**Available records:**

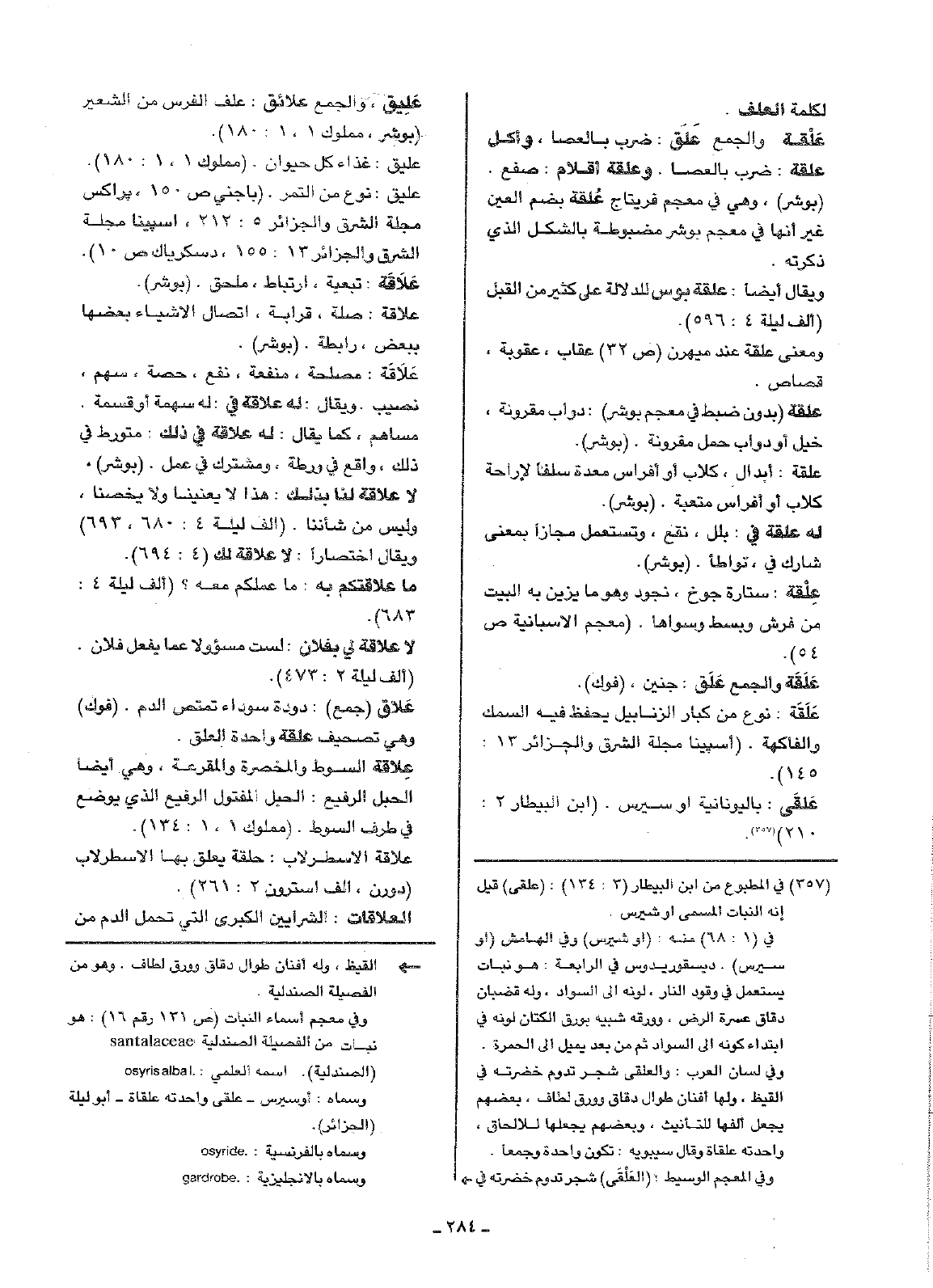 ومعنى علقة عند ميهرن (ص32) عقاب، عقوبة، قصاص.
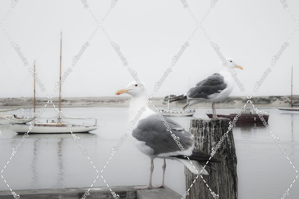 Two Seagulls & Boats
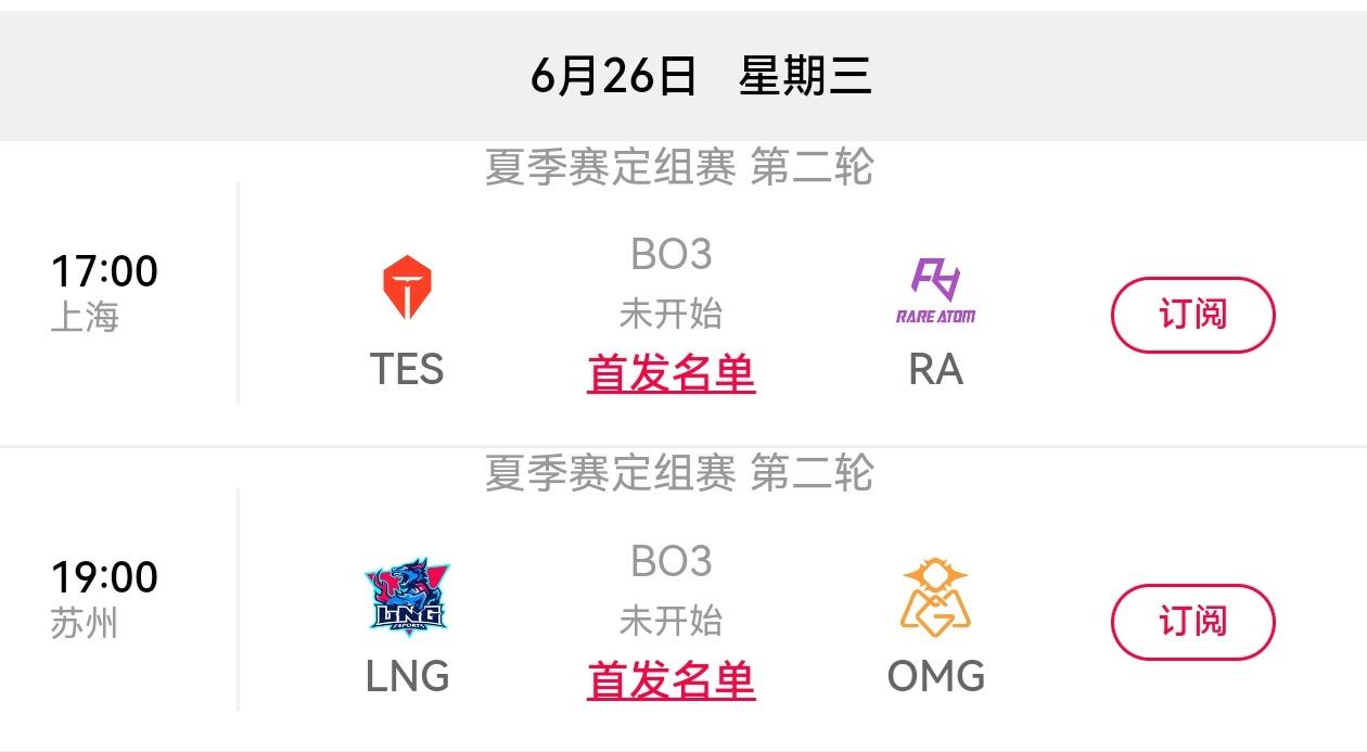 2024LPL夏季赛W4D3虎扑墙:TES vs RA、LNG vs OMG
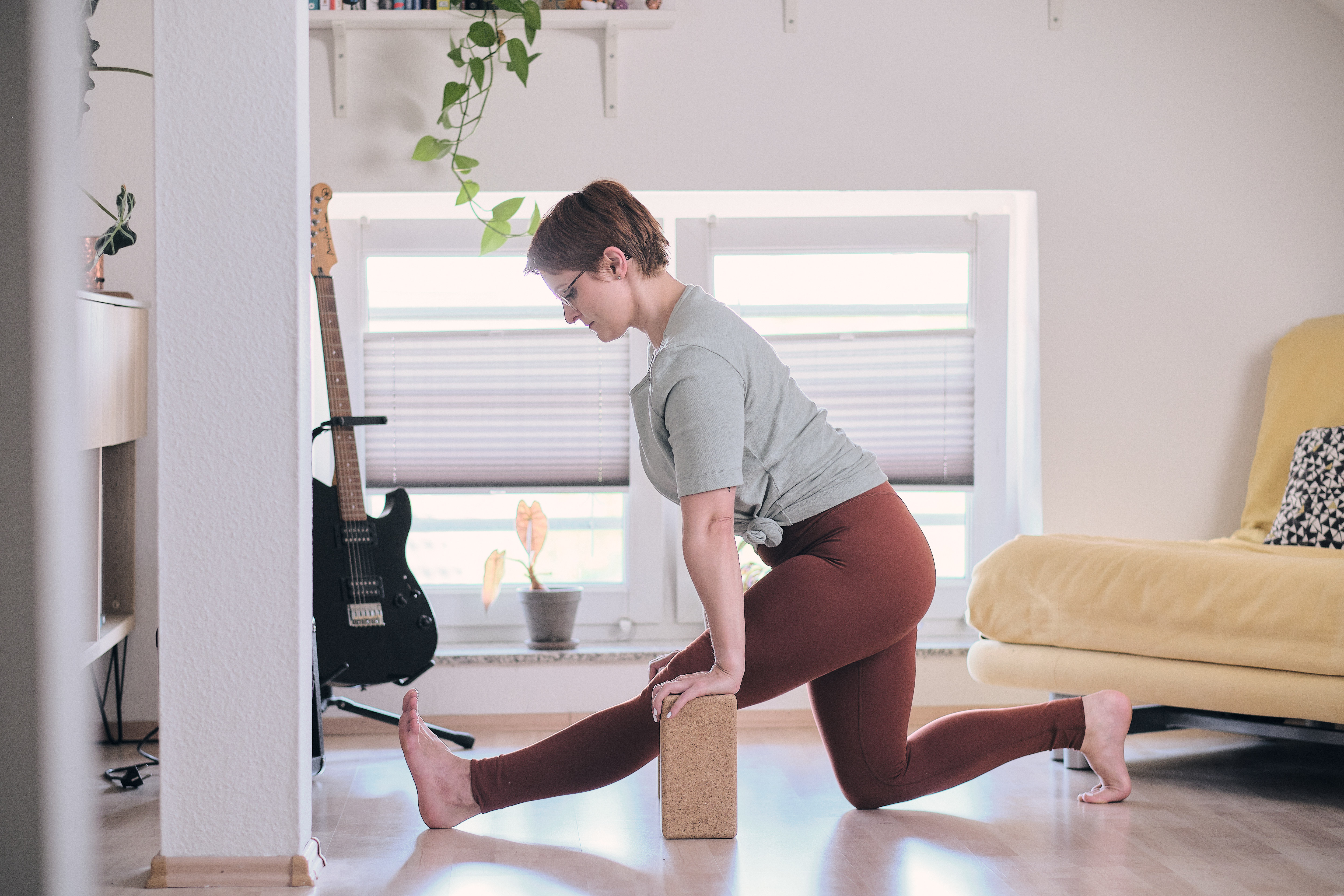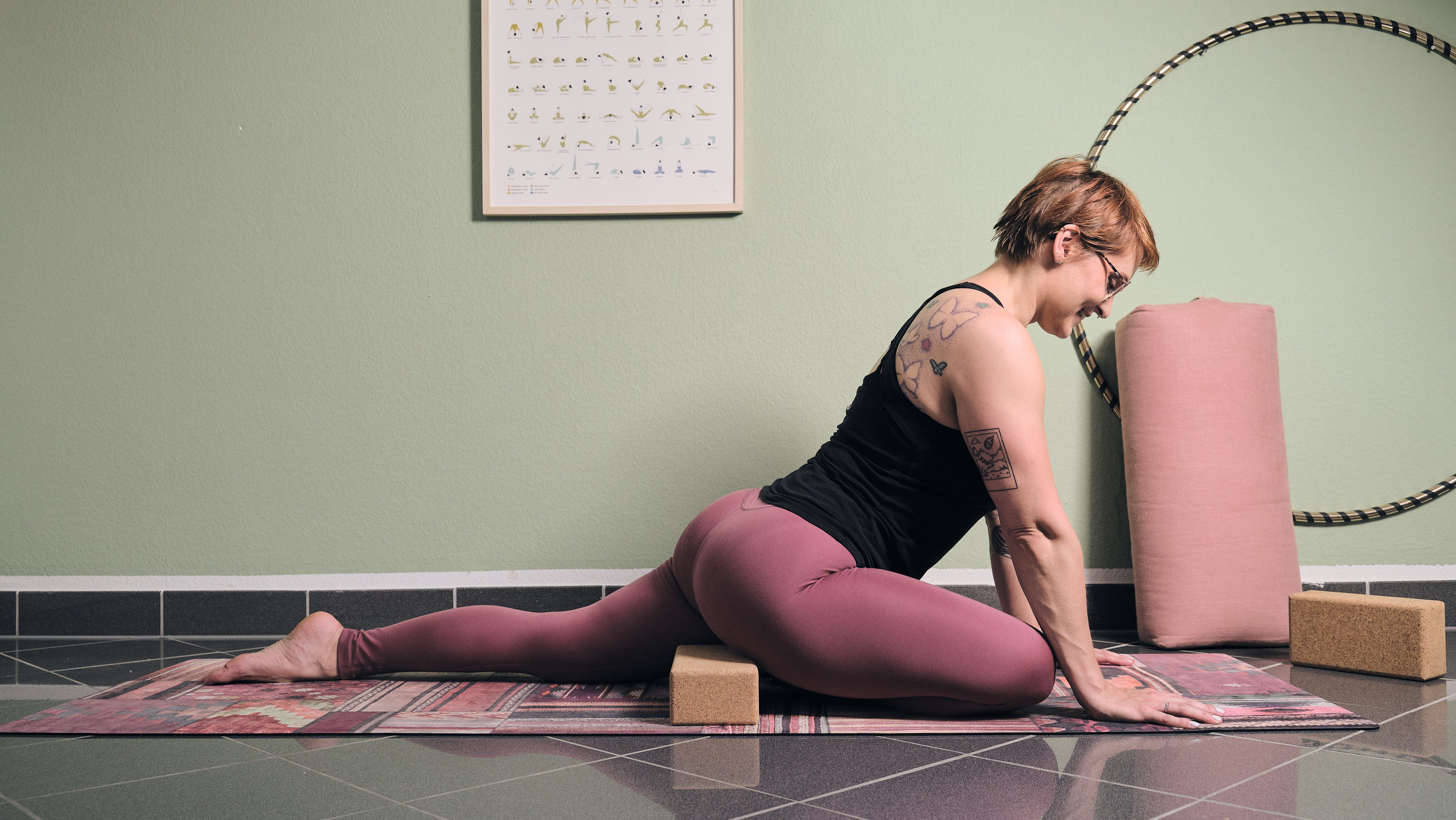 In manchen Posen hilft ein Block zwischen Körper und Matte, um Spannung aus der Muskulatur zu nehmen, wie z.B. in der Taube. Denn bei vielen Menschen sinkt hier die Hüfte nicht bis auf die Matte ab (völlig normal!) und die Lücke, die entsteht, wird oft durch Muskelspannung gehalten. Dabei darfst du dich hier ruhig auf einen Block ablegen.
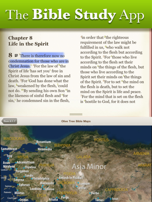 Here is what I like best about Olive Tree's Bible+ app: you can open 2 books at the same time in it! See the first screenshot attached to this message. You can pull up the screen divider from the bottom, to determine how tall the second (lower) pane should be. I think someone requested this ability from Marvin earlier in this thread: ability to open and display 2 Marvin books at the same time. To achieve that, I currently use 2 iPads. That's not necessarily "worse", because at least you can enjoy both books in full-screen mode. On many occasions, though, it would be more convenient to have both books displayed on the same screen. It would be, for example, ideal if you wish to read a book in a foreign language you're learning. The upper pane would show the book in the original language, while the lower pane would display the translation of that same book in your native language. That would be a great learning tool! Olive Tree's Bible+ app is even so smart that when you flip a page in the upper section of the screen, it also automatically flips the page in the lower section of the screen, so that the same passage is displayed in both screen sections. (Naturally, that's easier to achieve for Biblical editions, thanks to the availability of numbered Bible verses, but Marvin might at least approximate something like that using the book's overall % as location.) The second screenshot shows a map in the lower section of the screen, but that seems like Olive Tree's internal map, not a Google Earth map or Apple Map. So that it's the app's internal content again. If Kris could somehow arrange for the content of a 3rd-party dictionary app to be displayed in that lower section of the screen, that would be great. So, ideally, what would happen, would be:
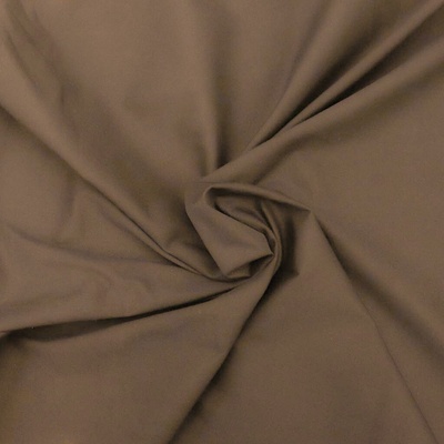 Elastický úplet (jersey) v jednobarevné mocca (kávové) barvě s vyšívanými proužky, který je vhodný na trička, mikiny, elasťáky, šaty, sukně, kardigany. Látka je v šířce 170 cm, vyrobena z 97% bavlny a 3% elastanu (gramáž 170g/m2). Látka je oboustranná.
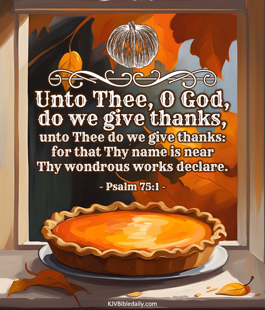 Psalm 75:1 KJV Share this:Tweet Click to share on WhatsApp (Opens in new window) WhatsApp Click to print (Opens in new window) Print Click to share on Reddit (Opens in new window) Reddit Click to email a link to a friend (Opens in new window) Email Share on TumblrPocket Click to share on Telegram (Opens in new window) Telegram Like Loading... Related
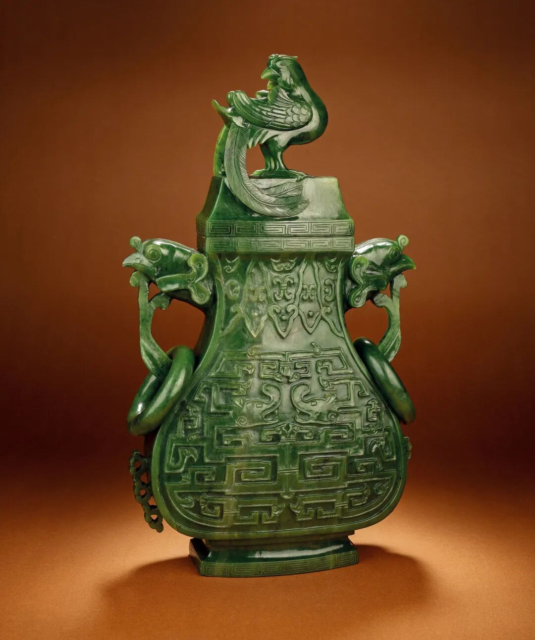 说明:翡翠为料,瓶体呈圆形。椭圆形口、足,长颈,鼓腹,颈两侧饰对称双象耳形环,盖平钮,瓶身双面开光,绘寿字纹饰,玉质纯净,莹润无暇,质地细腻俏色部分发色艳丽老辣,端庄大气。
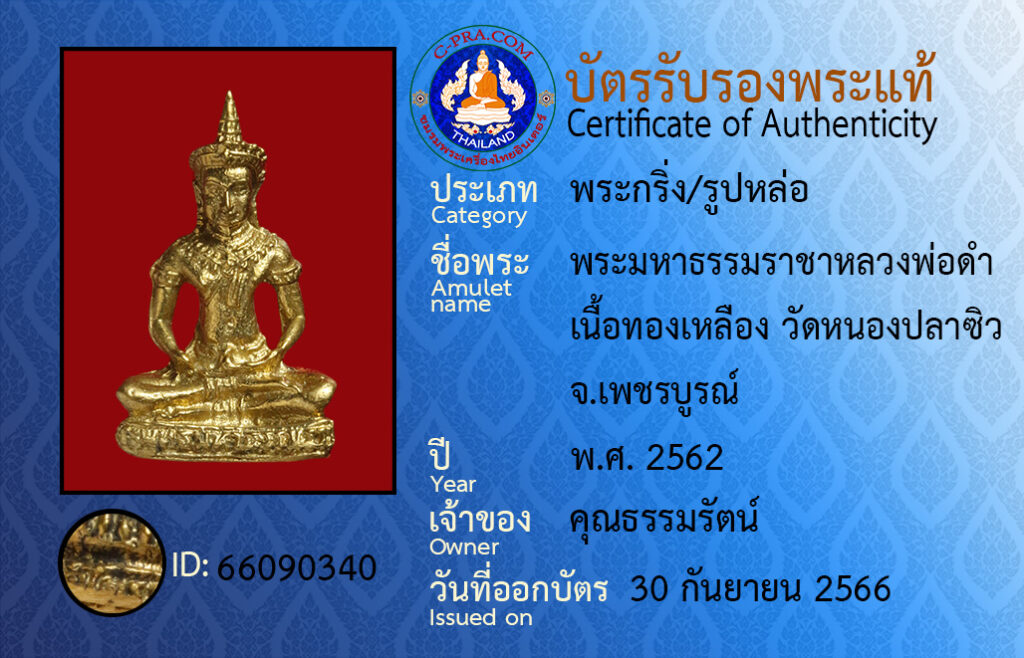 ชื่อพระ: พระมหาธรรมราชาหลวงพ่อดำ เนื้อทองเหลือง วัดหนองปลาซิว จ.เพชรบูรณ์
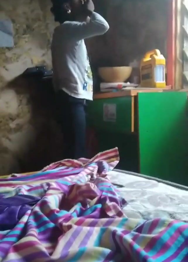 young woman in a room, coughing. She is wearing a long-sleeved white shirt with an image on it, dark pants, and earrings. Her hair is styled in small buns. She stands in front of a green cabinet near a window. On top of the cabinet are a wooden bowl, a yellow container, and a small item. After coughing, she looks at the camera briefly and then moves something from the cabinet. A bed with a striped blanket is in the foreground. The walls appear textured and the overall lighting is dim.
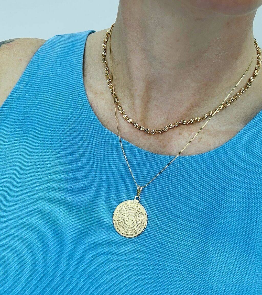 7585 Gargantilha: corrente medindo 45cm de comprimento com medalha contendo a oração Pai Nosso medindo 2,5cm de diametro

**What you should do:** Pictures excluded, reproduce only the part above that opens with the line holding "2024LPL夏季赛W4D3虎扑墙:TES vs RA、LNG vs OMG" and closes with the line holding "In manchen Posen", exactly as written.

**Expected output:**
 2024LPL夏季赛W4D3虎扑墙:TES vs RA、LNG vs OMG
 In manchen Posen hilft ein Block zwischen Körper und Matte, um Spannung aus der Muskulatur zu nehmen, wie z.B. in der Taube. Denn bei vielen Menschen sinkt hier die Hüfte nicht bis auf die Matte ab (völlig normal!) und die Lücke, die entsteht, wird oft durch Muskelspannung gehalten. Dabei darfst du dich hier ruhig auf einen Block ablegen.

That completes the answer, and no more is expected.